Hm, anyone know what this is? Are these just call center jobs?

------
simonebrunozzi
I think tech firms have an opportunity to do good things when selecting a new
office in a new city or state. Let me explain.

200 jobs means roughly 300-350 people (some are singles, some are couples,
some have kids) that will be directly affected by Stripe opening these offices
in Baltimore.

On average, 100 people with relatively high salaries (as it is the case for
Stripe employees) "drive" 30 to 50 other jobs (services, etc). This means that
this single move by Stripe has the capacity to influence 500-600 people in
total. Not a small number.

In cases like this, I wish they would consider partnering with a local
architect firm and/or construction firm, plus an investment firm, to repurpose
a neglected area, or even build from scratch, using sound and proven
architectural guidelines (a good example:
[https://nightingalehousing.org/](https://nightingalehousing.org/) in
Melbourne). This way they could offer both office and housing to their
employees, and push for sustainable architecture.

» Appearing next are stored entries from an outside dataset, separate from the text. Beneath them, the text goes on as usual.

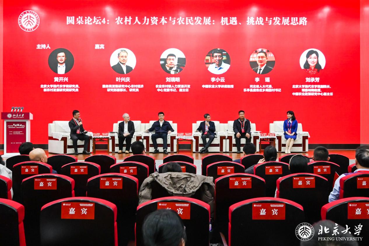 圆桌论坛四的主题为“农村人力资本与农民发展:机遇、挑战与发展思路”,由williamhill英国官网研究员、新农村发展研究院研究员黄开兴主持。本次圆桌论坛邀请国务院发展研究中心农村经济研究部原部长、研究员叶兴庆,农业农村部人力资源开发中心党委书记、副主任刘瑞明,中国农业大学讲席教授李小云, 河北省人大代表、乐亭县庞各庄乡阚田村书记李瑶,williamhill英国官网副经理、博雅特聘教授、中国农业政策研究中心副主任刘承芳等与谈嘉宾,围绕农村人力资本与农民发展问题分享了自身的实践经验和研究成果,并展开深入讨论。
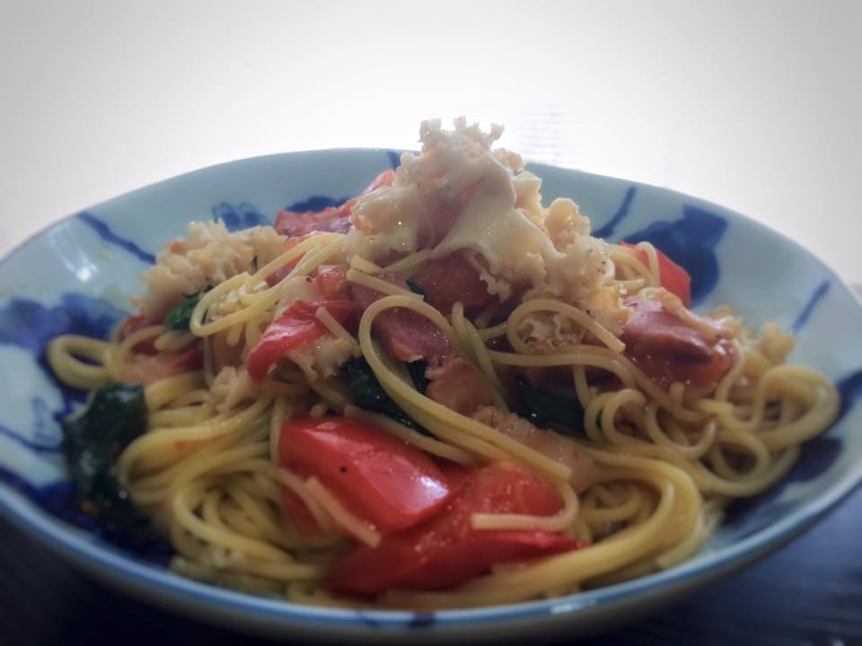 調理例:はなびらたけとトマトと色々パスタ
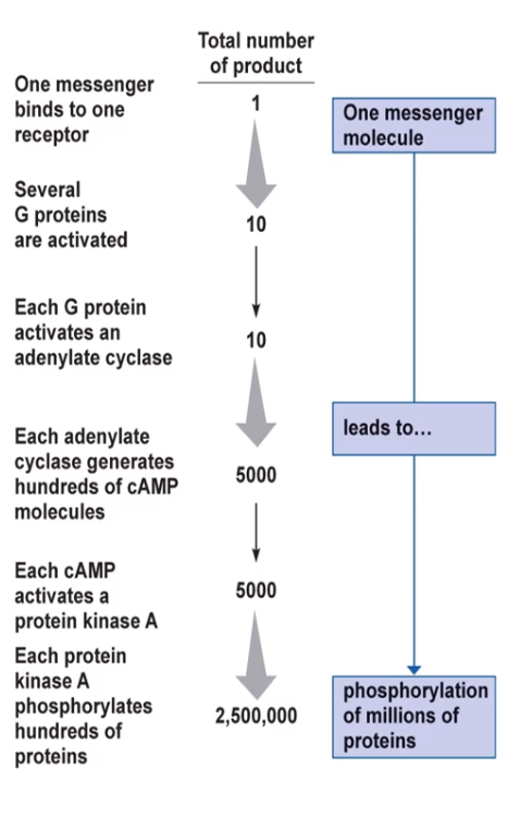 GPRC: secondary messengers amplify signals to downstream target molecules - can need just one ligand binding to one GPCR
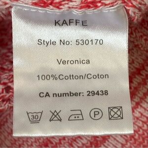 Discover the charm of the Kaffe ‘Veronica’ cardigan, crafted in a delightful pink and white marled pattern. This medium-weight knit features a fitted silhouette with elegant vertical cable detailing and ribbed trims. Euro boutique brand from Denmark. Size large.
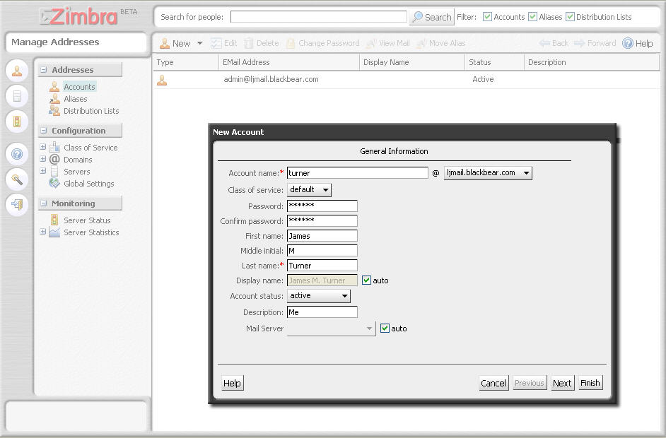 At this point, I need to mention one of the irritating quirks of Zimbra. It installs its SMTP, POP3, IMAP and HTTP/HTTPS servers in high-numbered ports, and then uses iptables to map to them. So, for example, port 80 gets mapped to port 7070, where Zimbra runs its Web-mail client. This can come as a nasty surprise if you install Zimbra on a host with an existing Web server.

Heck, with a larger workforce, they could even be as bold as designing a new
town altogether. Some great architects and designers have already shared
what's the best way to do it. TL;DR: it's not about cars, it's about people.
[0] [1] etc.

I would love to chat with people interested with this idea, and share the
little I've learned in my own free time.

[0]:
[https://www.youtube.com/watch?v=KL_RYm8zs28](https://www.youtube.com/watch?v=KL_RYm8zs28)
(Jan Gehl is one of the most amazing architects of our time, please try to
find time to watch at least some of it, you will thank me later)

[1]: [https://blog.p2pfoundation.net/an-introduction-to-
christophe...](https://blog.p2pfoundation.net/an-introduction-to-christopher-
alexanders-pattern-language/2012/12/10)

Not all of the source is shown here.